"La boue a tout emporté sur son passage : les maisons, les voitures...", se souvient Chakarbek Kourbonbekov, un villageois de 60 ans, plus d'un mois plus tard. "Ceux qui ont pu se sont échappés vers des terrains en hauteur, on n'avait pas le temps de réfléchir", poursuit-il, joint au téléphone par l'AFP.
Le villageois tadjik en est persuadé : le 16 juillet, il ne doit sa survie qu'à sa propre chance. Au total, coulées de boues en série et inondations ont fait au moins 12 morts et détruit une centaine de maisons dans l'est de l'ex-république soviétique.
Le phénomène, conséquence d'une vague de chaleur qui a débuté ce jour-là, témoigne des bouleversements écologiques en cours en Asie centrale, une région pour laquelle les réserves d'eau apportées par les glaciers sont vitales.
Ces glaciers du massif du Pamir au Tadjikistan et des monts Tian au Kirghizstan alimentent les fleuves Amou-Daria et Syr-Daria, qui jouent un rôle stratégique dans la région en permettant depuis des siècles l'irrigation des terres agricoles. Mais selon une étude publiée récemment par le centre de recherches allemand GFZ, le volume des glaciers des monts Tian diminue actuellement quatre fois plus vite que la moyenne de ces dernières décennies. Pour ces experts, ces glaciers, après avoir fondu d'un quart depuis 1961, auront totalement disparu d'ici 2050.

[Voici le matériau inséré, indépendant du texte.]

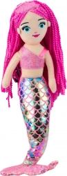 Pluszowa syrena jest wyposażona w efektowny holograficzny ogon przypominający łuski, który pięknie mieni się w świetle i nawiązuje do magicznego podwodnego świata. Ma także długie różowe włosy w formie plecionych sznureczków, które można gładzić i układać, błyszczący top na jedno ramię oraz różową tiarę na głowie.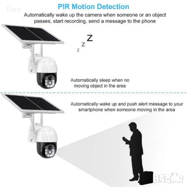 Резолюция: 5MP сензор, Full HD 1080P качество на изображението; Нощно Виждане: Инфрачервена LED технология с обсег до 20 метра; Соларно Захранване: Вграден соларен панел за автономно захранване; Свързаност: Wi-Fi (802.11/b/g) и 4G SIM карта за дистанционно наблюдение и управление; Двупосочно Аудио: Вграден микрофон и говорител за двустранна комуникация; Детектор за Движение: Изпраща известия и записва видео при засичане на движение; Съхранение: Поддръжка на microSD карти до 64GB; Водоустойчивост: IP66 защита, подходяща за външен монтаж.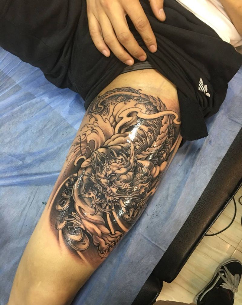 • T网红王老大花腿龙纹身图片_腿部新传统纹身图案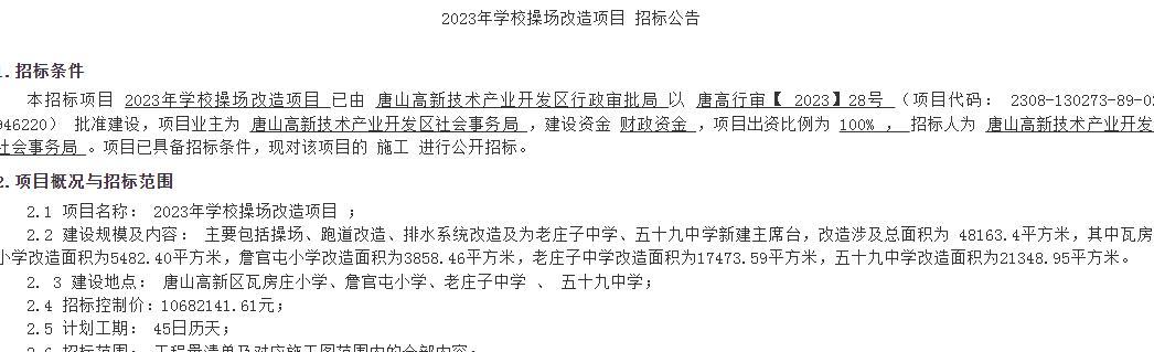 日前,中国河北网站发布《2023年学校操场改造项目招标公告》,详情如下: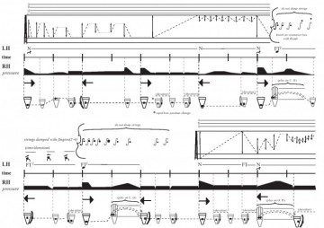 In contrast to traditional cluster notation, black shapes do not denote unified gestures. Szmytka: “I often have to instruct my musicians not to equate their bodies with categories and parameters. When I place my hand on the keyboard, I want it to keep its natural shape. My hand is not a ruler, which is why one key (below the wrist) will be pressed harder than another (under the bend). The shape of the hand leaves an acoustic trace. It’s certainly not going to be a even-sounding cluster.”

Les signes de réchauffement de cette chaîne montagneuse au carrefour du Kirghizstan, du Kazakhstan, de l'Ouzbékistan et de la Chine, sont criants dans les stations de ski de la région, qui datent souvent de la période soviétique.
La saison devient plus courte chaque année faute de neige et de températures assez froides et la saison de sports d'hiver, qui commençait encore dans les années 1990 début décembre, ne peut désormais être lancée qu'à l'approche du Nouvel An.
Au Kazakhstan, la fonte des glaces a conduit en juillet à la saturation d'un barrage, provoquant des inondations aux portes de la plus grande ville du pays, Almaty, et privant 3.000 personnes d'électricité.
Pour Piotr Plekhanov, ancien directeur de l'Institut d'hydrologie et de géo-écologie du Kazakhstan, l'Asie centrale doit se préparer à vivre ce genre de situations de plus en plus souvent. "Les plus riches comme le Kazakhstan seront capables de mieux y faire face. Les plus pauvres comme le Kirghizstan ou le Tadjikistan, avec de vastes montagnes et peu d'argent, sont plus vulnérables", prévient-il, interrogé par l'AFP.
A l'époque soviétique, le partage des eaux en Asie centrale était décidé à Moscou, mais le système a éclaté avec l'indépendance des cinq pays de la région en 1991, faisant craindre que la rivalité pour cette ressource ne dégénère en conflits.